NARS: legal lumping matrices were constructed randomly. The search started from the fully lumped matrix (m = 2) and m was incremented by one after each NARS was completed or until the criterion was accepted. Number of random samples per increment in m was tested with 10, 100, 1,000 or 10,000 or 100,000 or 1,000,000.
Scree plot plus NARS: A scree plot was used to visualise the influence of the compartmental structures. In the scree plot, the eigenvalues of the K matrix were plotted in rank order against the ranked state number. Either a cut-off point of an eigenvalue of 1 or a change in the slope of the scree plot indicated an initial estimate of the number of states in the reduced model. This was used as the starting point for NARS.
The automatic methods described above were tested individually for simplification of original fentanyl PBPK model. In all methods it was constrained that the artery as the output state was unlumped during the search process.
Results:
Full enumeration: a 4-state lumped model was found after 40 minutes where ARD% was 0.0001% satisfying the exploratory criterion (i.e. ARD% < 0.002%). The minimum ARD% for all lumped models with m = 4 took more than two days.
NARS: Stationary ARD distribution was formed until 10,000 random samples and lower ARD was shown with the increment in m.

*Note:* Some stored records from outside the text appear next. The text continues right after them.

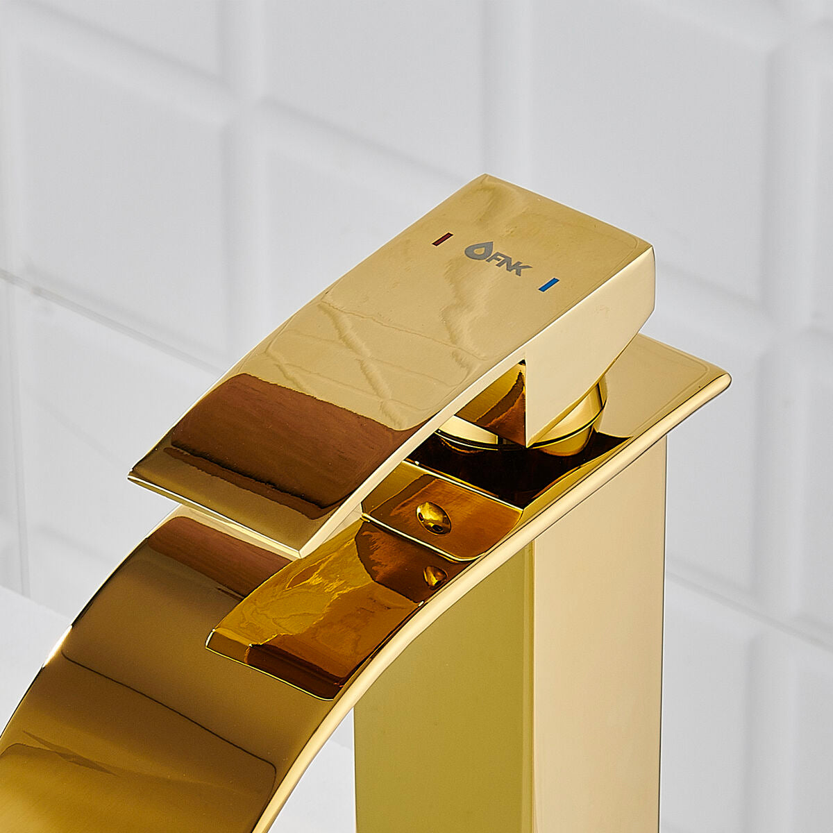 Korkea kultainen sekoitushana pesuallaspäivitykseen. Seinään asennettava sekoitushana yhdistää modernin, suoraviivaisen runkoratkaisun ja leveän kaarevan juoksuputken, joka luo näyttävän vesilammikon ja sopii erityisesti korkeille malja- ja korokepesualtaisiin.
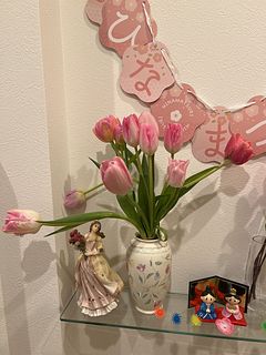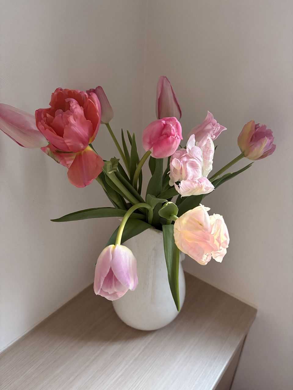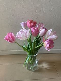 かわいい色です💕 パープルのチューリップも一緒に購入したので華やかに飾れました💜🩷
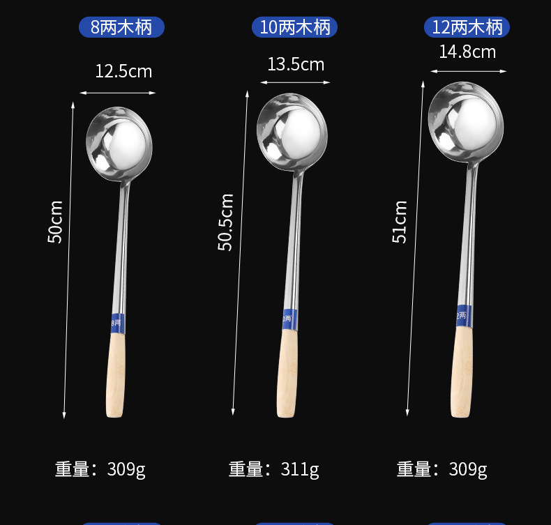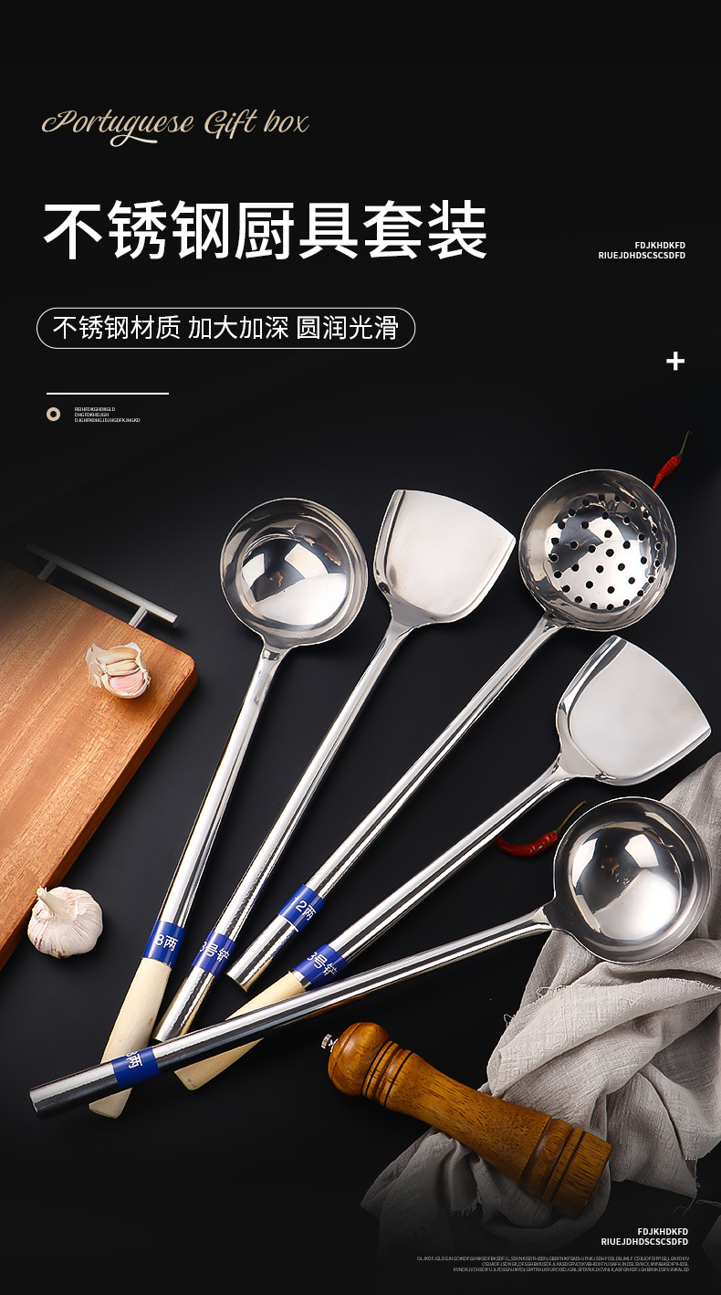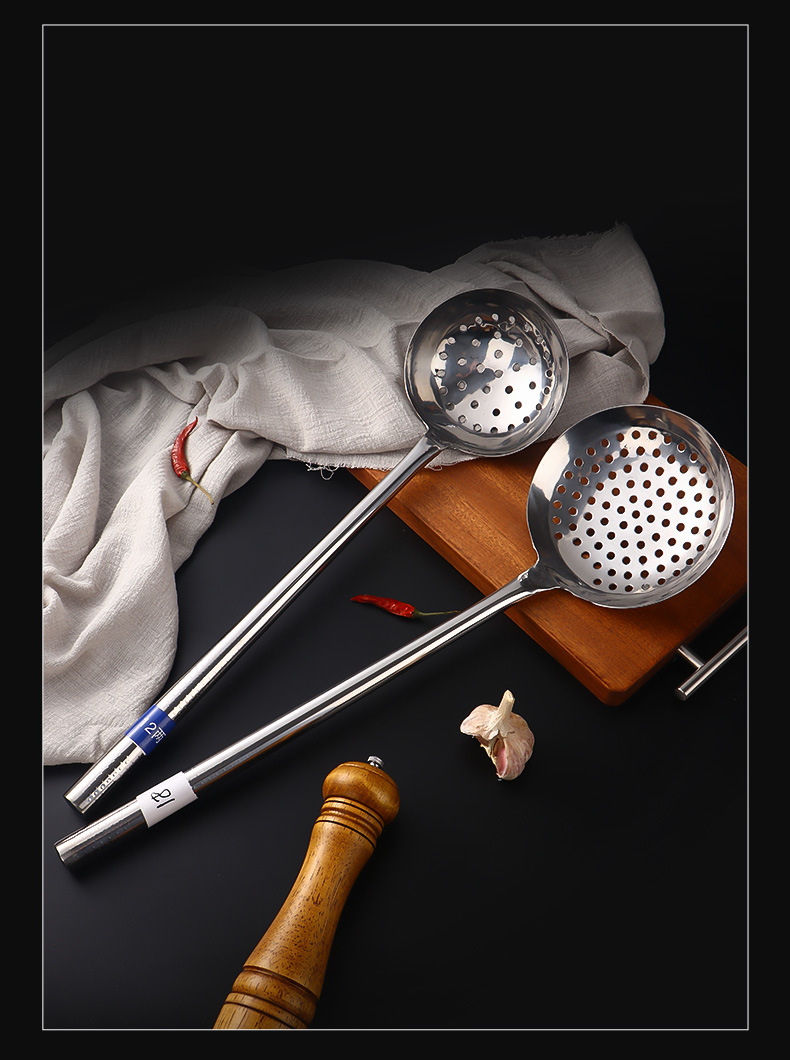 스테인레스 스틸 요리사 숟가락 주걱 스테인레스 스틸 주방 큰 스푼 긴 손잡이 큰 스푼 나무 손잡이 강철 손잡이 주걱 큰 누출

With 10 and 100 samples the random searched did not find a lumped model that satisfied the criterion (i.e. the full model was the only acceptable model). With 1,000 samples, a 14-state lumped model was found after 15 seconds. With 10,000 samples, a 6-state lumped model was found after one minute and after 100,000 samples per iteration a 5-state lumped model was found after five minutes. With 1,000,000 samples, a 4-state model was found after 30 minutes.
Scree plot plus NARS: The eigenvalues of the first four states were above 1 and therefore may provide the basis of those that are informative and could be left unlumped as the first iteration. The slope in the scree plot clearly levelled off up to the fourth state and also indicated four or five states in the lumped model. ARD% for both lumped models were above 38%. The lumped states were gradually unlumped and a lumped model within the ARD% criterion was not found.
In NARS the search then started from four states with 10,000 samples, and a 7-state lumped model was found after 40 seconds.
Conclusions: We have demonstrated that different automatic processes can be applied to simplify an existing PBPK model. It is evident that full enumeration for anything other than a simple model is not practical. The scree plot approach although informative was not optimum. In this (relatively) straightforward example, NARS with 1,000,000 samples per iteration was both relatively quick and found the optimum. The methods described here are general and more specific and efficient methods may be required for large scale problems (n > 50).
References:
[1] Gulati A et al. CPT Pharmacometrics Syst Pharmacol. 2014;3: e90.
[2] Nestorov I et al. J Pharmacokinet Biopharm 1998;26(1): 21-46.
[3] Björkman S et al. J Pharmacokinet Biopharm 1994;22(5): 381-410.
[4] Dokoumetzidis A and Aarons L. IET Syst Biol. 2009;3(1): 40-51.